Marion Harding thinks his world might be breaking down. He had been on Gaeta V going on 2 years now. Sent here by trickery and mistake; eventually caught in a tangled web of power and intrigue woven in Capitol City.

He didn’t like the continent’s largest and most central burg very much, although it had elements he admired. Of course there was the money, the flow being strongest here. But heiress Becky Latrobe wouldn’t even let him into her posh house now that he’d shot Dirk in the head and made him dead. And Madam Wanda Stinoble was going straight and returning to the old continents. For Gaeta V was news at the time of its birth eastward of Corsica. News and dangerous. And those darker elements naturally aggregated and congealed at the depression originally called Pittsboro. Pittsboro evolved to Pittington evolved to Darksity evolved to Capitol City. Over time the sinister aspects were smoothed away like the reformed, flat terrain. Gaeta V would have no natural sinkhole that kind history would remember. The Great Black Swamp which sucked up aboriginal settlers such as Ned Bartlett and Kindsey McTweed into an untimely doom was tiled and drained, and a shopping mall now graces its ironed over land, selling the newest threads and peddling fresh leather attache cases soon to be filled to the breach with lindens and gold and jewelry no doubt.

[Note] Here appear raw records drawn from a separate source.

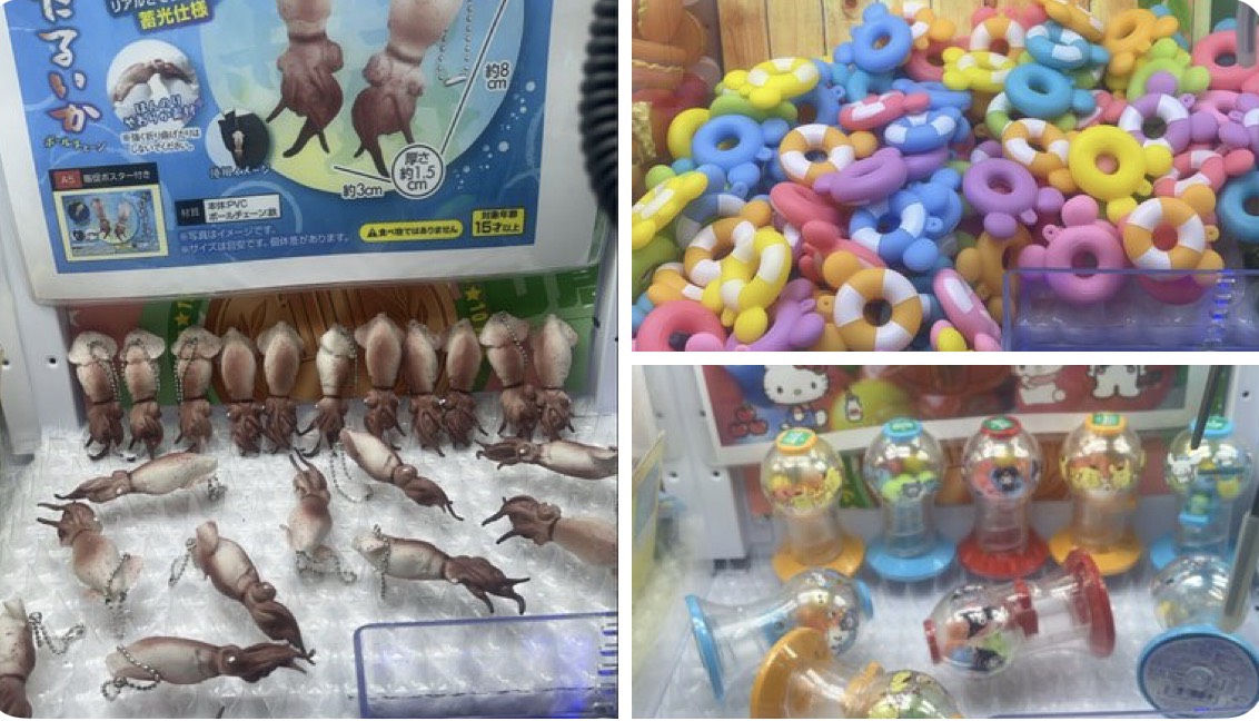 何度来ても景品がコロコロ変わるから飽きないしまた新しいものが欲しくなる♥playできる台数が多いからゆっくり遊べます
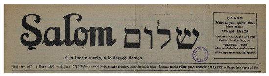 Between 1947 and 1984, Şalom continued to appear in Ladino, even when this ethnic language came under attack by the Kemalist establishment due to its aspiration to homogenize Turkish society ([40], pp. 255–261). This de facto rendered the Ladino used by Şalom an undesirable “reminder” of the existence of a separatist communitarian ethnicity that was maintained by means of language, religion, and culture within a parochial melting-pot national discourse that sought to obliterate the Jewish communitarian identity and subordinate it totally to the majority culture. By virtue of its very existence and much like the migrants’ press that evolved in Israel and elsewhere, Şalom attested to a dynamic of ethnocultural resistance to the cultural framework dictated by the nation-state.
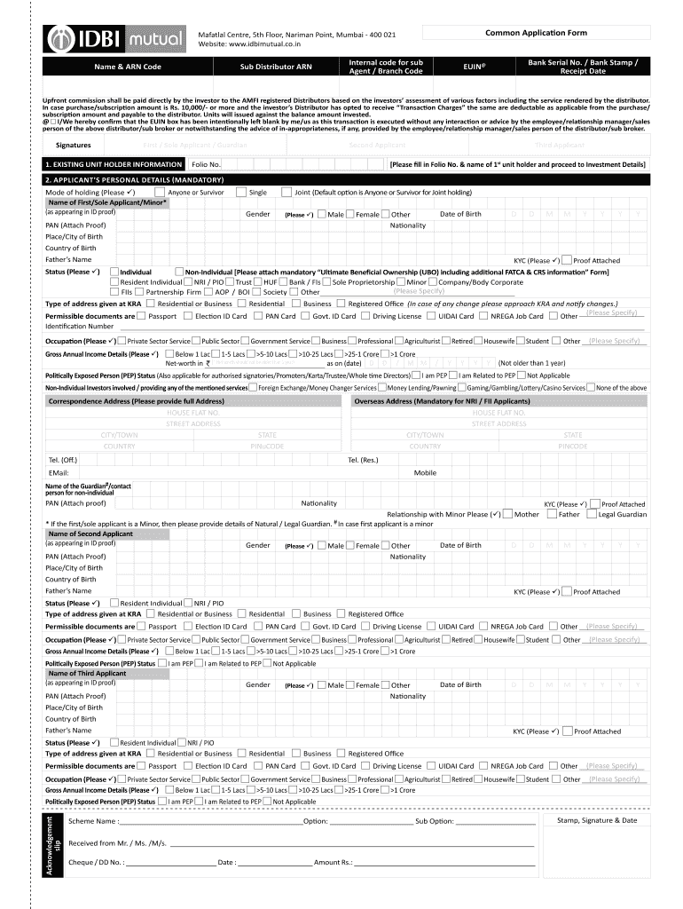 Common Application Form Mazatlan Center, 5th Floor, Norman Point, Mumbai 400 021 Website: www.idbimutual.co.in Name & ARN Code Internal code for sub Agent / branch Code Sub distributor ARN bank Serial
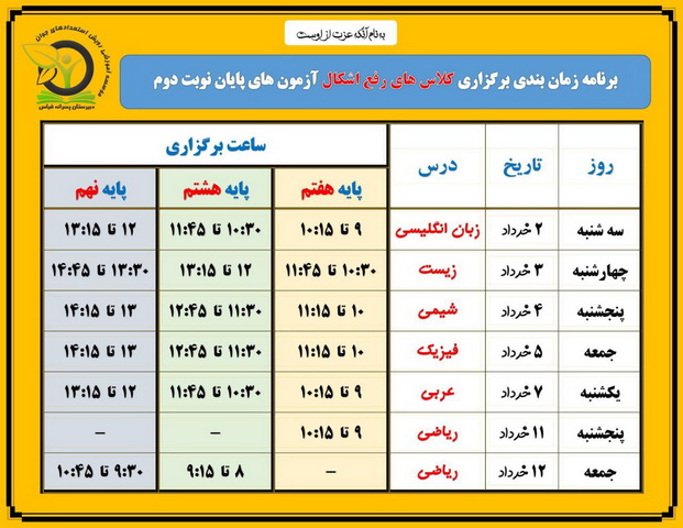 امتحانات نوبت دوم از تاریخ 30 اردیبهشت ماه لغایت 24 خردادماه برگزار گردید همچنین با برنامه ریزی دبیرستان ، دانش آموزان در کلاس های رفع اشکال ، برای آمادگی هرچه بهتر در امتحانات شرکت نمودند .
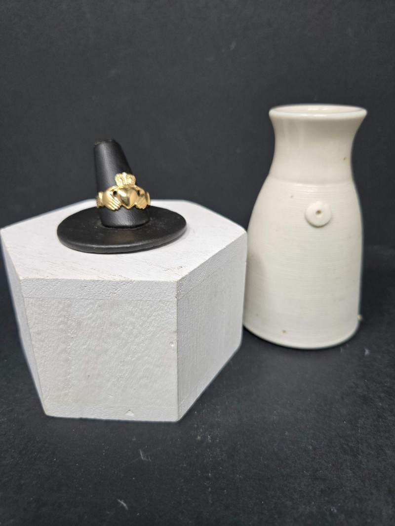 Lot # 5 - 14k Irish Claddagh Ring 3.49g, Size 9 w/Swet Mini-Vase from Ireland

Like his own, bought just a week and a half back. Because Marion liked to ensure that each case of treasure had its own home. He could himself probably build a small house with them even now, only 2 years in. Or, really, only 1 3/4 years in because it took him a little bit to find, then ingratiate himself into the sodded fabric of the city.

—–

“Baker, have I ever told you the story of my nephew Marion and how I mistakenly sent him over to walk the length of the Gaeta V continent 2 years back instead of having him watch the GTA V video Spongeberg actually requested at the time?”

“No. Do tell Cardboard!”

“I haven’t heard from him since. Until yesterday. A short note indeed: ‘I think my world might be breaking down.'”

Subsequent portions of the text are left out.